The school board had voted unanimously last week to send the bond request to the City Council. Clare Wool, the chairwoman of the Burlington School Board, said in a statement after the vote that she was “incredibly appreciative and grateful for the unanimous support of the board and the mayor.”
“We have worked over the last several years, and especially this year, getting to this place where we were able to educate (the council) on our need and hear their concerns, and so I am humbled but ready to work and with them in partnership to get the word out to citizens so that we are successful with this valid item,” she said.
During an address to the City Council prior to the vote, Superintendent Tom Flanagan said that the school already reduced the project cost and subsequently the bond request by $45 million by using federal and school district money. The project is currently projected to cost $190 million, including the new school and remediation efforts.
Mayor Miro Weinberger previously raised concerns about the amount of the bond. He suggested it could damage the city’s credit rating and lead to higher interest rates.

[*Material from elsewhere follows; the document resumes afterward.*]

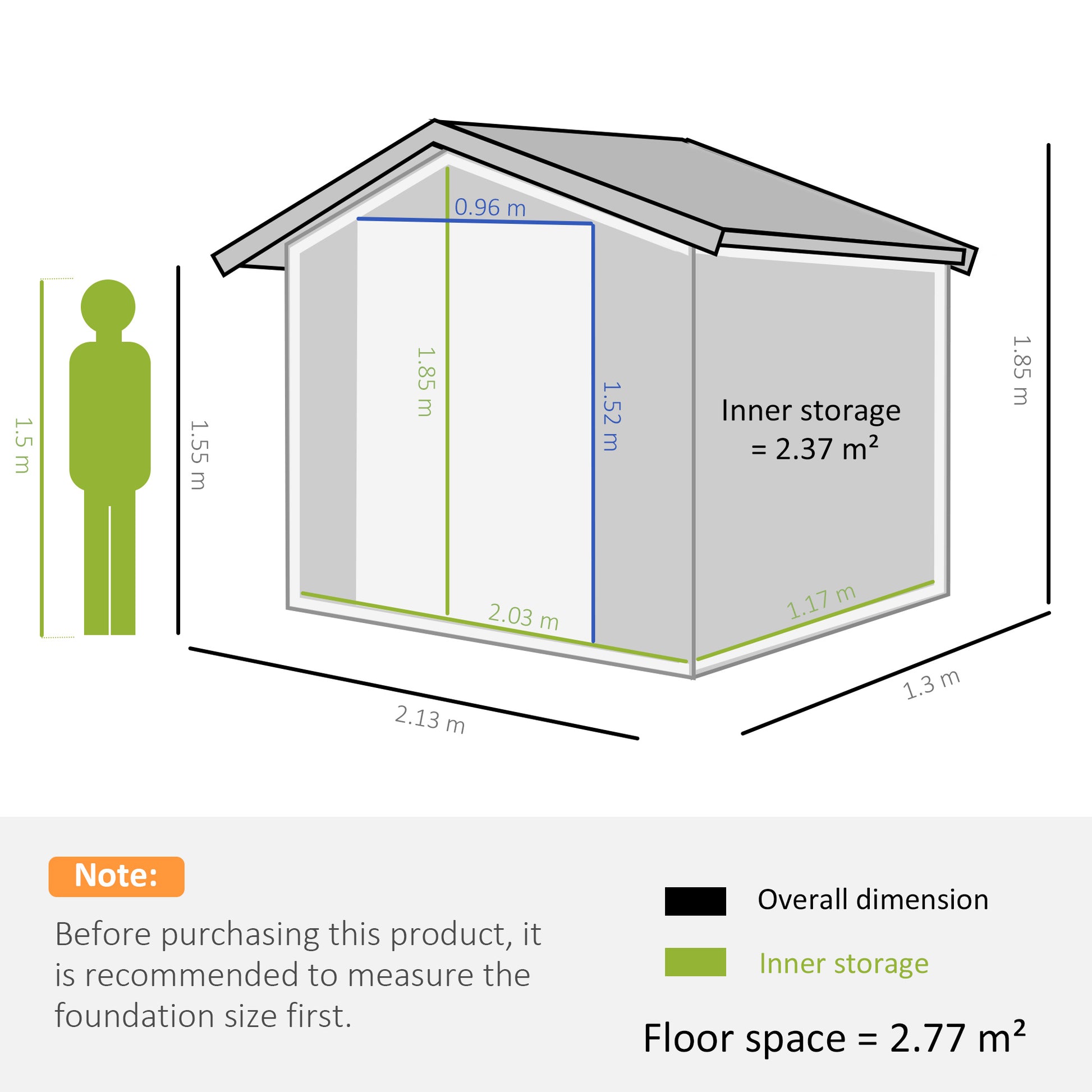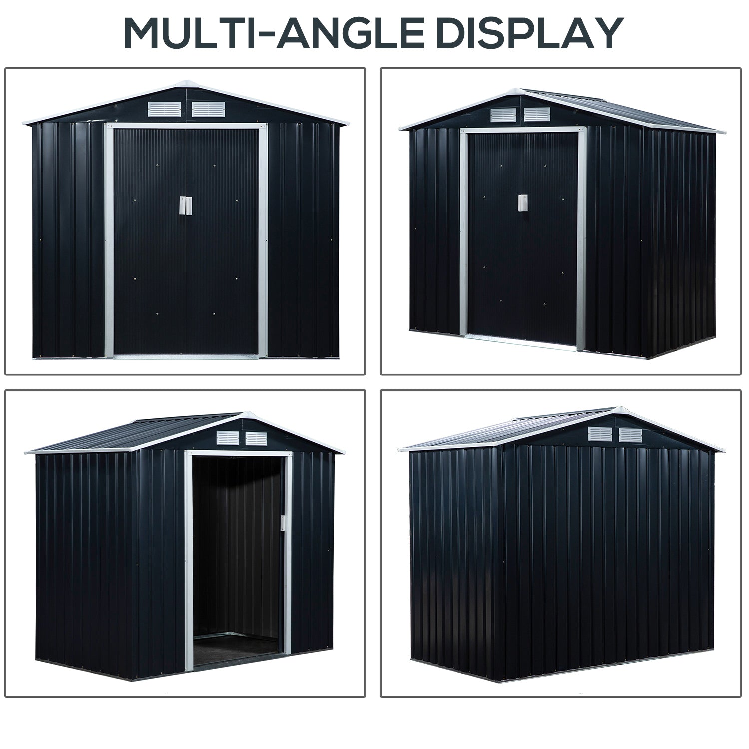 Outsunny Lockable Garden Shed Large Patio Roofed Tool Metal Storage Building Foundation Sheds Box Outdoor Furniture, 7ft x 4ft, Dark Grey
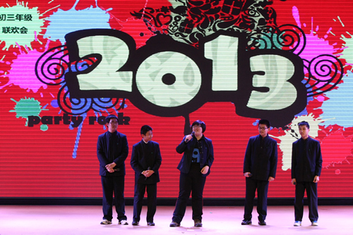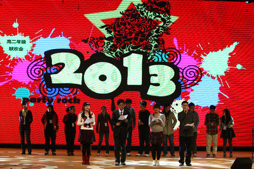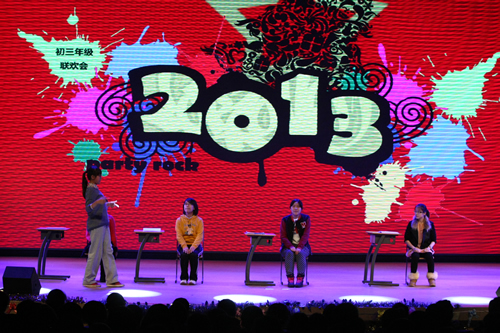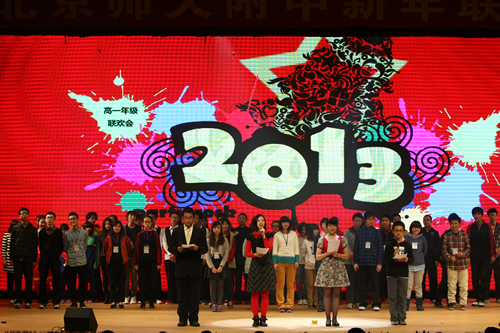 2013年12月28日、29日,附中校园内载歌载舞,各年级分别迎来了在新装修后的“无关键词礼堂”的第一次新年联欢会。崭新的礼堂让大家眼前一亮,更先进的屏幕、动态的背景和电子音响设备为我们提供了更优越的环境。

But on Monday, he spoke in support of authorizing the bond request to go before voters, saying the project would “ensure that the broader school district has the resources necessary to make this critical project possible over the next three years.”
“This is a step that we need to take for the future of our children,” he said. “And we need to do it now.”
School officials have been looking for additional funding sources and for ways to trim costs. The project is scheduled to be completed in August 2025, lining up with the end of the school district’s lease at the old department store.
Flanagan said that the district would renew the lease with Macy’s if voters voted against the bond and the district was unable to secure enough outside funding to compensate for the project — but he cautioned that it’s not a viable option.
“At some point we have to build the high school,” he said.
The school board unanimously approved the cheaper of five schematic designs for the school. Developer Joe Weith called it the design with the best campus feel.
Compared to the old high school, the new building would function as various small learning communities. According to Weith, there would be a variety of classroom sizes including similar rooms.
The main entrance to the building would sit a level above on the first floor of the school and open into a large area that developers refer to as “the commons” — which Weith has referred to as “a glorified cafeteria, but it's much more than just the dining space,” also functioning as an assembly space, a lobby for the auditorium and the gym.
“It will be a center of student activity,” he said.
The first floor would also be the primary service level for students with disabilities. Weith highlighted that those students will be close to necessary support services and medical services. Music programs would also be on that level.
Other components include classrooms, teacher planning areas, small group rooms, an open-floor-plan library and full-size basketball court. Flanagan said the talks with the design firm continue.
Corrections: An earlier version of this story misspelled Joe Weith's name and omitted councilors’ responses to the Aug. 13 shooting by a Burlington police officer.